§ Work instructions:
Repeat exactly the line with "Personalized Grade Pencil" and each line after it to the end of the data below; pictures stay out.

------ Material provided ------

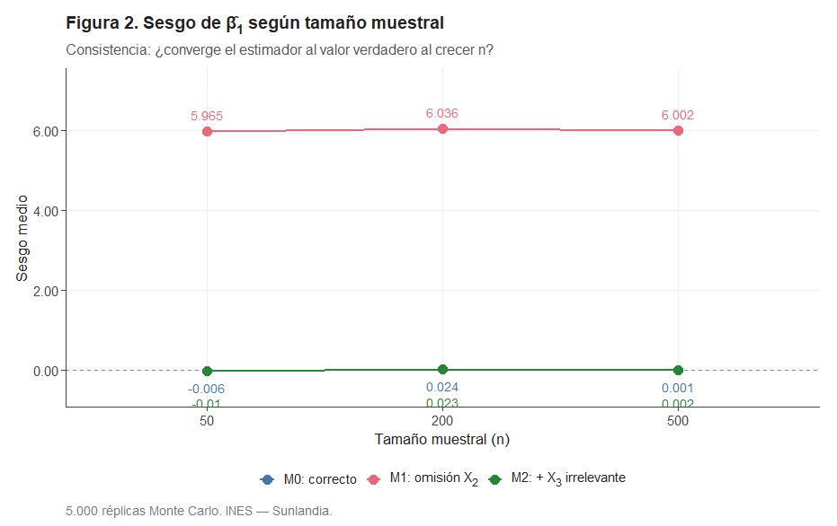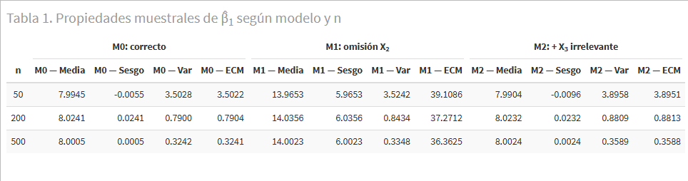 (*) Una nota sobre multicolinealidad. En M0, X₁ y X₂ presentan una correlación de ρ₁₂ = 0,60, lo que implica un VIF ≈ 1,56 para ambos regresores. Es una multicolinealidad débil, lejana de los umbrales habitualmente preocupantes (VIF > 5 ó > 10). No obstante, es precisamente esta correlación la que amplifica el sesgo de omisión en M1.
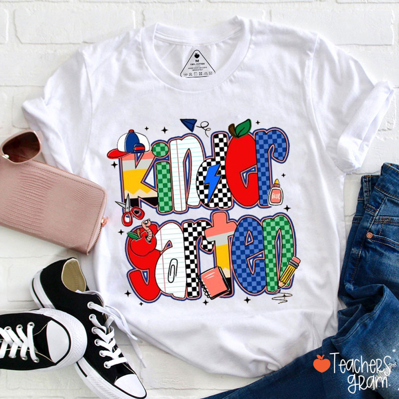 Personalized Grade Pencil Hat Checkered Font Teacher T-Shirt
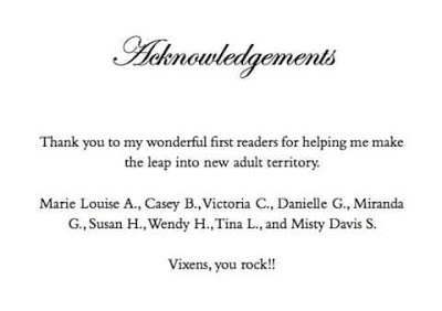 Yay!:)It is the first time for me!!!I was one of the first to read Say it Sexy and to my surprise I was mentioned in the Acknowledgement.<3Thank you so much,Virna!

------

§ Answer space:
 Personalized Grade Pencil Hat Checkered Font Teacher T-Shirt
 Yay!:)It is the first time for me!!!I was one of the first to read Say it Sexy and to my surprise I was mentioned in the Acknowledgement.<3Thank you so much,Virna!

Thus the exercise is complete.